On the other hand, if Staley and his allies are correct that urban sprawl accurately reflects the market decisions of millions of Americans who buy homes and cars every year, it is difficult to imagine how any aggressive Smart Growth policies designed to rein in sprawl can succeed, either--a point Staley gleefully makes. "The idea we can design our future just isn't realistic," he says, "as long as we have a system that recognizes property rights."

As Staley sees it, the real estate market finely calibrates new development to the precise preferences of Americans. He cites a new Bellbrook subdivision with two-story houses on one-third acre lots. "In this area, if you put these houses on one-quarter acre lots, they wouldn't sell," he says.

Not all the research in land-use policy backs up the contention that the present system is giving consumers exactly what they want, however. "Whenever ordinary citizens are shown slides of [standard suburban] development versus the `New Urbanism'--village greens, mixed uses, houses with picket fences a few feet from the street--they almost always express a preference for the latter," notes Paul Gottlieb, of the Center for Regional Economic Issues at Case Western Reserve University, "Why, then, don't we see more of them?"

Gottlieb believes "a massive amount of risk aversion" keeps developers from building and consumers from buying different kinds of housing.
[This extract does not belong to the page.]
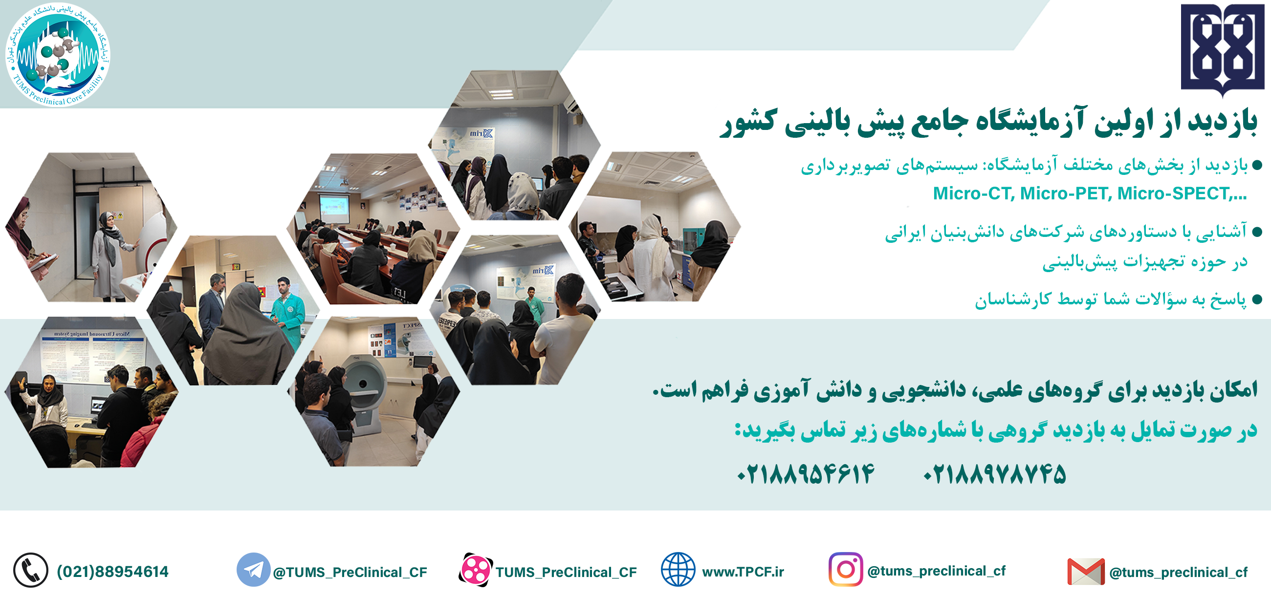 آزمایشگاه پیش بالینی دانشگاه علوم پزشکی تهران اولین کلینیک جامع پیش بالینی کشور مي باشد كه زمینه ی نهادینه شدن آزمایش های پیش بالینی و فرهنگ تحقیقات بنیادین مبتنی برای فیزیک تصویربرداری را فراهم می نماید. این آزمایشگاه مجهز به تجهیزات با تکنولوژی بالا است که همگی توسط شرکت های دانش بنیان طراحی و ساخته شده است. همچنين این مجموعه به شبکه آزمایشگاهی کل کشور متصل است تا محققان بتوانند با کمترین هزینه از خدمات این آزمایشگاه استفاده کنند.

But he says most economists have failed to analyze this possible "market failure." Indeed, he says, Smart Growth advocates in general have all but abandoned the economic side of the debate. "Most people who talk about Smart Growth talk about aesthetics, design, social issues and environmental issues," Gottlieb says. "Their instinct is not to talk about market forces." In his opinion, they should start talking about them.

Gottlieb has tried to help that process along. Last year, for example, he helped bring a group of public officials, Smart Growth advocates and business leaders to his university to examine urban growth issues. "People kept coming back to the idea that there is a missing piece in our discussion of this issue," Gottlieb recalls. The missing piece, he insists, is the consumer. In his view, Smart Growth advocates have done an effective job of cataloging the failures of the current land-use system. But they have done little to educate consumers on how their individual decisions--to seek a big house on a big lot, to move out of a neighborhood when minorities move in, to drive a sports utility vehicle, to look for a home "in the country"-- can add up to societal outcomes that neither they nor their neighbors particularly want.

In the recognition that economics and market forces are crucial pieces of the land-use puzzle, one can begin to see ways the two currently hostile sides ultimately might find some common ground.

Sam Staley is a case in point. On the one hand, he has impeccable free-market credentials. As a student at right-leaning George Mason University, he studied Austrian economics, which sees government intervention as inherently destructive; and his work for the Buckeye Institute and Reason have provided the anti-Smart Growth forces with some of their evidence to refute claims that the nation is running out of farm land or open space. But Staley is himself an urban planner by training, and at times he even speaks approvingly of New Urbanism as a design concept that could bring people back to downtown areas. Indeed, he argues that removing market impediments such as zoning would lead to higher-density development than currently occurs in most suburbs-- not as dense as some Smart Growth advocates would want, but an improvement over current patterns of sprawl.

But although the potential for working together may exist, it exists so far only in theory. The two sides debate on, generating a lot of heat but rarely connecting. Think-tank activists who have little interest in changing current patterns of urban growth continue to pin their arguments on faith in the market, while those who seek change pay scant attention to market dynamics. As G.B. Arrington, the former transit planner in Portland, puts it: "We are like ships passing in the night."